DOV Pharmaceutical Inc. licensed worldwide rights of its triple uptake inhibitor compounds for psychiatric disorders to Merck & Co. Inc. in a deal worth $455 million, if all milestones are met.
The news caused DOV's stock (NASDAQ:DOVP) to climb $2.68 Friday, or 21.1 percent, to close at $15.40.
Merck gains exclusive responsibility for development, manufacturing and commercialization of DOV 21,947 for all psychiatric indications, and of DOV 216,303 to treat depression, anxiety and addiction. Dosing of the products has been completed in a Phase Ib and a Phase II trial, respectively.
The deal is one of DOV's largest agreements to date, said Barbara Duncan, the company's vice president of finance and chief financial officer.
"We're thrilled. We couldn't have had a better partner than Merck," she told BioWorld Today. "Merck is one of the premiere neuroscience teams out there in terms of drug development, so it was a natural fit."
Merck, of Whitehouse Station, N.J., will hold the rights to all indications for DOV 21,947, which DOV was developing initially for depression. DOV retained the rights to DOV 216,303 for indications outside of depression, anxiety and addiction.
Terms of the agreement include a $35 million up-front licensing payment to DOV, which will be made upon government clearance under the Hart-Scott-Rodino Act. Another $300 million in milestone payments could follow if certain clinical development and regulatory milestones are achieved, including the approval of two indications. Once the products reach certain sales thresholds, DOV could receive up to $120 million more in milestone payments.
Hackensack, N.J.-based DOV also is entitled to royalties that increase based on certain sales levels. Duncan would not give further details about the royalties, except to say that it was higher than the 6 percent royalty rate attained for the insomnia drug indiplon through an agreement with San Diego-based Neurocrine Biosciences Inc., which occurred in DOV's early days as a company. Neurocrine plans to submit new drug applications next quarter for immediate- and modified-release versions of indiplon. (See BioWorld Today, July 10, 1998.)
As part of the agreement with Merck, DOV also retains the option to co-promote the two products in the U.S. to psychiatrists and other specialists that treat depression.
"This was very important for us to get," Duncan said. "For a company our size, it's important that we are not just considered a royalty company. We intend to develop a sales force, so it's important to have Merck as a partner in developing that sales force."
Triple uptake inhibitors affect the neurotransmitters norepinephrine, serotonin and dopamine, which often are linked to depression and other psychiatric disorders. In preclinical studies, DOV's compounds have been shown to be potent, efficacious and generally safe and well tolerated in early clinical studies.
"We believe they will be more effective and have a more rapid onset of action than any other antidepressants on the market, based on what we've seen in preclinical models," Duncan said.
Handing over the rights to two products opens up DOV's resources for other candidates in the pipeline. Duncan estimates the research and development burn will be reduced by about $3 million this year.
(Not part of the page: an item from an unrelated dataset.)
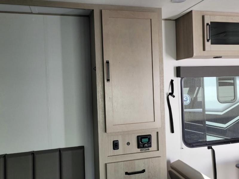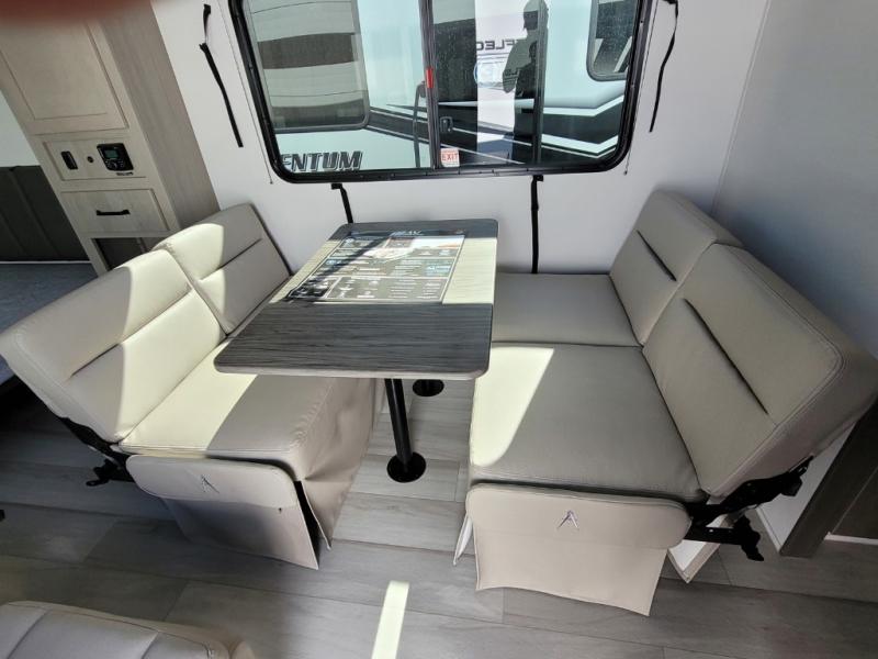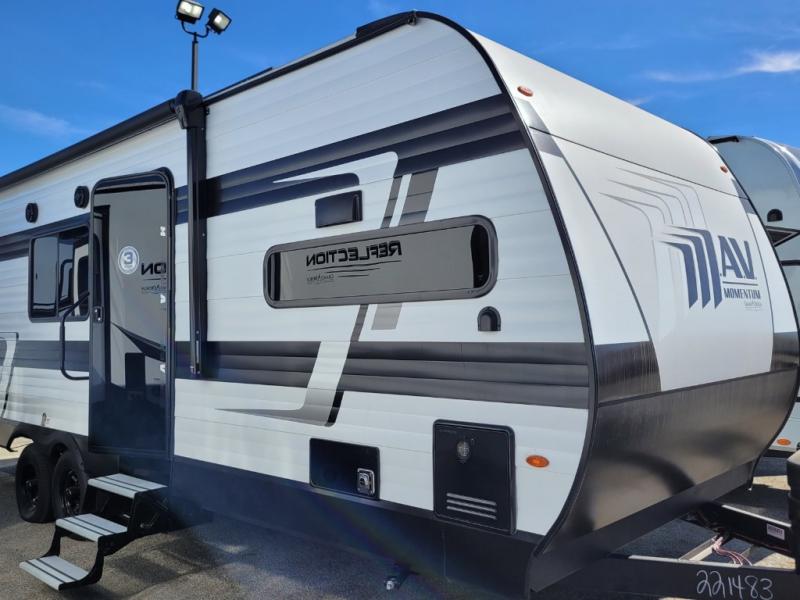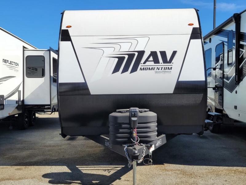 The Momentum MAV toy hauler travel trailers by Grand Design are designed to provide exactly what you need. The spacious garage provides tons of cargo space, with no wheel wells to get in the way. Additional storage includes magnetic storage door catches, underbed storage with a gas strut lift, and overhead consoles throughout. Conveniences like motion sensor lights and USB outlets will make your life easier, and you will be comfortable in all seasons with the 30K BTU furnace plus 15K BTU ducted air conditioning. The standard Solar Package comes with a 180W solar panel, a 40 Amp charge controller with Bluetooth, and a 12V refrigerator so you can go off-grid when the adventure calls for it.

The company's lead product, bicifadine, is moving into two Phase III trials this quarter, and another four Phase III studies next year, in three different pain models. The company reported positive safety and efficacy data from a Phase III trial in a dental pain model last year.
DOV also is studying diltiazem for angina and hypertension, which will move into a Phase III trial in the first half of 2005.
Another product in the pipeline has had some ups and downs in the last year. While ocinaplon performed well in two Phase II trials, producing a statistically significant reduction in anxiety, one patient experienced clinically significant elevated liver enzymes and jaundice.
Last October, the FDA placed a hold on the pivotal Phase III trial for ocinaplon to treat anxiety, asking for additional safety data. The agency agreed to lift the hold in June upon the review of a revised clinical trial protocol that includes more frequent liver enzyme testing. DOV expects to start the pivotal trial later this year. (See BioWorld Today, Oct. 6, 2003.)
"Once they approve the change of protocol, we can start the study," Duncan said.
Founded in 1995, DOV went public two years ago, raising $65 million. (See BioWorld Today, April 26, 2002.)